Abstract

Introduction: COVID-19 is characterised by severe vascular inflammation. Perivascular adipose tissue (PVAT) has the ability to change its texture in response to vascular inflammation. Hypothesis: Computed Tomography Angiography (CTA)-based radiotranscriptomic phenotyping of PVAT may quantify COVID-19-induced vascular inflammation, predicting clinical outcomes. Methods: In Study 1, RNA sequencing of 60 internal mammary artery (IMA) biopsies from patients undergoing coronary bypass surgery was performed to build a transcriptomic fingerprint similar to that observed in COVID-19. This fingerprint was used to train an extreme gradient boosting algorithm, C19-RS, using CTA-derived radiomic features of PVAT around the IMA and descending thoracic aorta. In Study 2, C19-RS was validated in pulmonary artery CTAs from an independent cohort of 201 patients for COVID-19 detection and test its prognostic value in COVID-19. Results: Unsupervised hierarchical clustering of RNASeq data in Study 1 identified 2 clusters of vascular inflammation ( A ).
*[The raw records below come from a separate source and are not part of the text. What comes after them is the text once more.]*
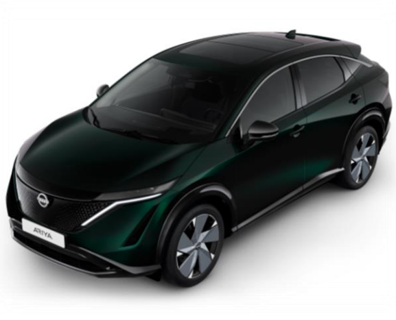
Zielony perłowy AURORA [DAP]
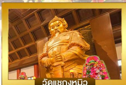
วัดชางทมิว
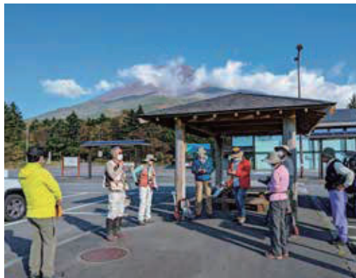
10月の合同環境パトロール

令和3年度富士山エコレンジャー連絡会(以降、連絡会)の総会は、昨年度に引き続き新型コロナウイルス感染症拡大防止のために書面開催となりました。
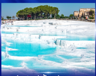
ปราสาทบุนยาดียา บามุกคาเล
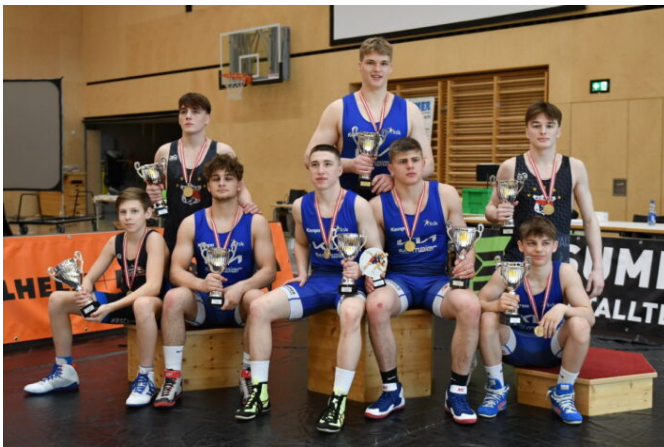
Победители и призеры в греко-римской борьбе.
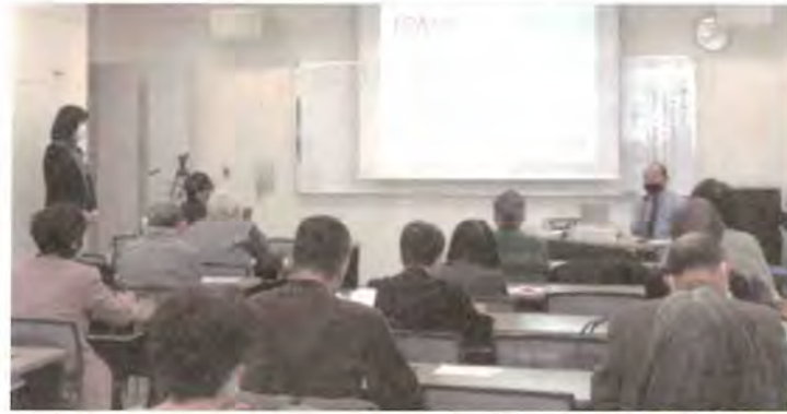
1/26 消費生活講座 主催:札幌市消費者センター インターネット被害者にならないために 於:札幌エルプラザ

編集発行 公益社団法人 札幌消費者協会 TEL: 011-728-8300 / FAX: 011-728-8301 〒060-0808 札幌市北区北8条西3丁目札幌エルプラザ2F https://www.sapporo-shohisha.or.jp/
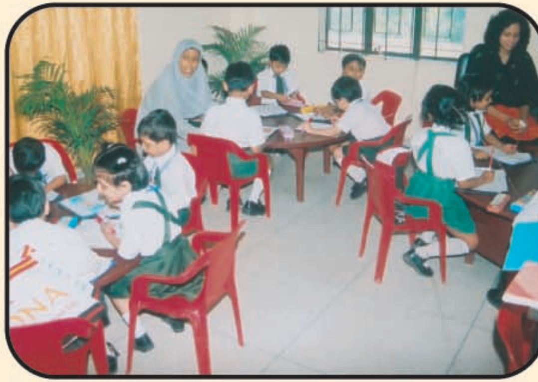
শ্রেণি কক্ষে পাঠদানের একটি দৃশ্য
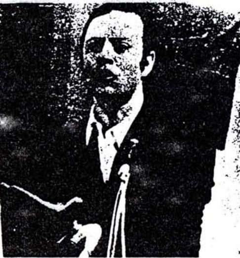
COMPAÑERO VAN SCHOWEN: ¡HASTA LA VICTORIA SIEMPRE!

Su nombre pasará a engrosar las listas de los revolucionarios que ya han dado sus vidas por la revolución socialista en América.
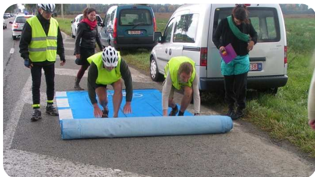
Inaugur'Action - Louvain-la-Neuve

Une Inaugur'Action est une action médiatique pour attirer l'attention du public sur l'absence d'infrastructure cyclable à un endroit clé de votre commune et pour faire pression sur les politiques en montrant la nécessité de cette infrastructure.
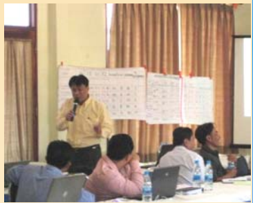
ການບັນລະຍາຍອຈ.ບັນລຸສິດ MPI (ທີ່ອັດຕະປື)

2 ການຊ່ວຍເຫຼືອໃນການສ້າງແລະປັບປຸງກົດໝາຍ PIP PIPແມ່ນການດຳເນີນການຕິດຕາມຄຸ້ມຄອງ ໂດຍອີງໃສ່ດຳລັດນາຍົກເລກທີ 58 (ປະກາດນຳໃຊ້ເດືອນມິຖຸນາ 2002). ແຕ່ອີງຕາມດຳລັດດັ່ງກ່າວແລະຂໍ້ ກຳນົດເລກທີ 918 ວ່າດ້ວຍຂອບເຂດການປະຕິບັດຈະມີສ່ວນໃດໜຶ່ງທີ່ຂັດກັບກົດໝາຍທີ່ກຳນົດພາລະບົດ ບາດຂອງແຕ່ລະກົມໃນກະຊວງແຜນການແລະການລົງທຶນ ແລະພະແນກແຜນການແລະການລົງທຶນ ເຊິ່ງ ເປັນອົງກອນທີ່ກ່ຽວຂ້ອງໃນການຕິດຕາມຄຸ້ມຄອງ PIP, ຈຶ່ງໄດ້ມີການຖືກຖຽງກ່ຽວກັບຄວາມຈຳເປັນທີ່ຈະ ຕ້ອງເຮັດໃຫ້ການຕິດຕາມຄຸ້ມຄອງ PIP ທີ່ນຳໃຊ້ ODA ແລະທີ່ ນຳໃຊ້ງົບປະມານພາຍໃນໃຫ້ເປັນອັນ ໜຶ່ງອັນດຽວ, ດ້ວຍເຫດນີ້ ຈຶ່ງໄດ້ມີການສະໜັບສະໜູນດຳລັດດັ່ງກ່າວໃຫ້ກາຍ ເປັນກົດໝາຍ. ໃນໄລຍະ 2 ນີ້ ໄດ້ມີການຊ່ວຍເຫຼືອຫຼາຍຢ່າງ ເພື່ອແນ່ໃສ່ການຮັບຮອງຮ່າງກົດໝາຍ PIP ໃນການປະຊຸມສະພາໃນເດືອນມິຖຸນາ 2009. “ການນຳສະເໜີເຄື່ອງມືຕິດຕາມຄຸ້ມຄອງທີ່ອີງໃສ່ແມ່ບົດກົດໝາຍ” , ເຊິ່ງແມ່ນຈຸດພິເສດຂອງPCA2.
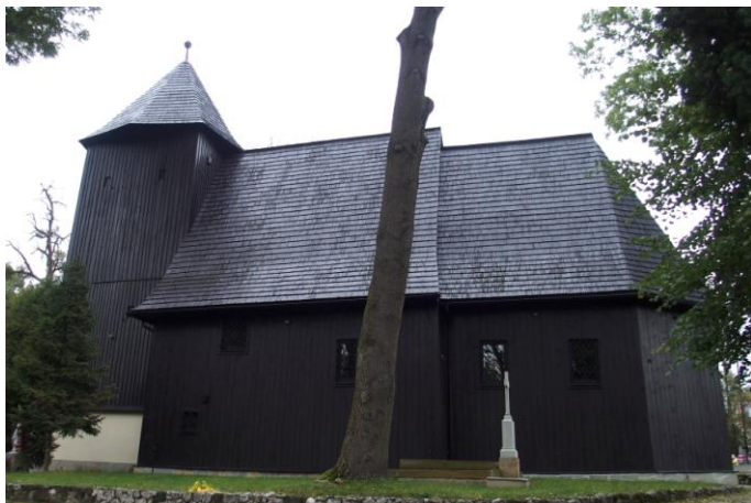
Zdjęcie nr 9. Kościół parafialny pw. Wniebowzięcia NMP, ul. Braci Bassy, Bąków

Jest to najstarszy drewniany kościół przedreformacyjny na terenie gminy Kluczbork, wybudowany na przełomie XV/XVI w. Orientowany. Około 1550 r. przejęty przez ewangelików i użytkowany przez nich do 1945 r. Obecnie katolicki.
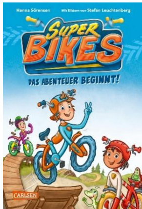
SUPERBIKES Das Abenteuer beginnt! 144 Seiten ISBN 978-3-551-27187-7 Erscheinungstermin: 26.03.2026
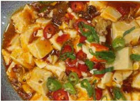
麻婆豆腐 100. CHF 25.00 🌶️ weicher Tofu Würfel mit gehacktem Schweinefleisch (Pikant) soft tofu cubes with minced pork (spicy)

TOFU / GEMÜSE (exkl. Beilage) TOFU / VEGETABLES
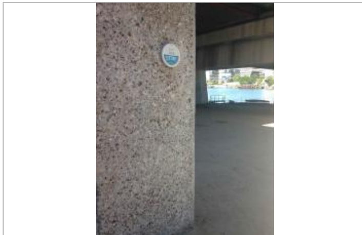
Repère de crue sur la pile aval du pont de Sèvres
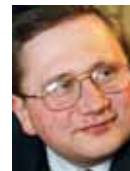
Autor je novinář a komentátor, šéfredaktor časopisu Duše a hvězdy, člen MKD a HPŽ ČR.

Článek byl zveřejněn na webovém portálu Duše a hvězdy ( http://cirkev.wordpress.com ) a v upravené verzi i v Konzervativních listech ( www.konzervativnilisty.cz ).
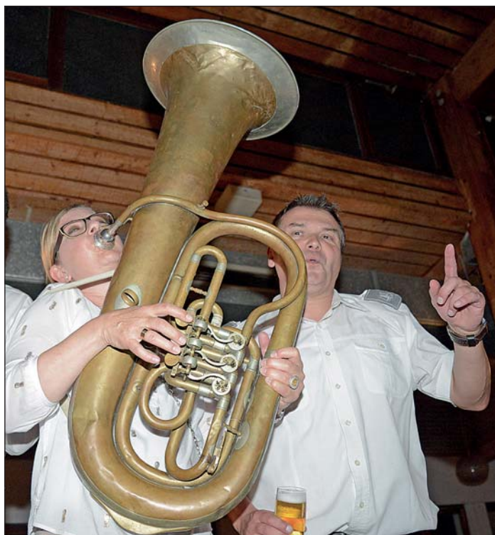
Wer bläst zukünftig die Tuba in Volkringhausen?
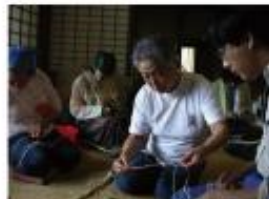
藤織の技術を伝承する活動
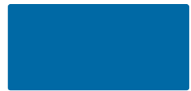
Blue MACal 9738-00 PRO
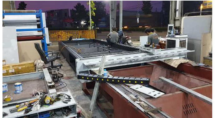
Sản Xuất Khung Máy
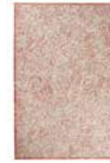
KAYLA KELIM 2 colors available maschinewoven e.g. 130 x 190 cm 349,00 Euro
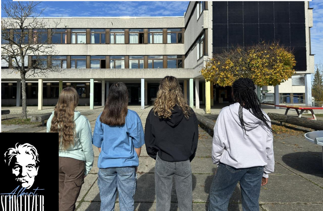
Neue Farben von links nach rechts: sage green – dusty indigo – black – dusty purple

Machine learning was used to train C19-RS to detect vascular inflammation based on 31 radiomic features. In study 2, 22 deaths and 32 ICU admissions were recorded. Patients with high C19-RS had an OR=3.11[95%CI:1.06-9.85] for COVID-19 adjusted for age, sex, risk factors, hsCRP, WBCC, COPD and CT tube voltage. C19-RS significantly improved the discrimination of a baseline model containing the above variables, for COVID-19 detection (delta[AUC]=0.03, p=0.008, B ). C19-RS was significantly associated with in-hospital death ( C ), and a composite endpoint of in-hospital death and ICU admission, with adjusted HR: 4.29 (95% CI: 1.48-13.52, p=0.009). Conclusion: COVID-19-induced vascular inflammation can be quantified by a radiotranscriptomic signature (C19-RS) derived from CT analysis of PVAT. C19-RS stratifies vascular inflammatory burden in COVID-19, and has striking prognostic value for in-hospital outcomes.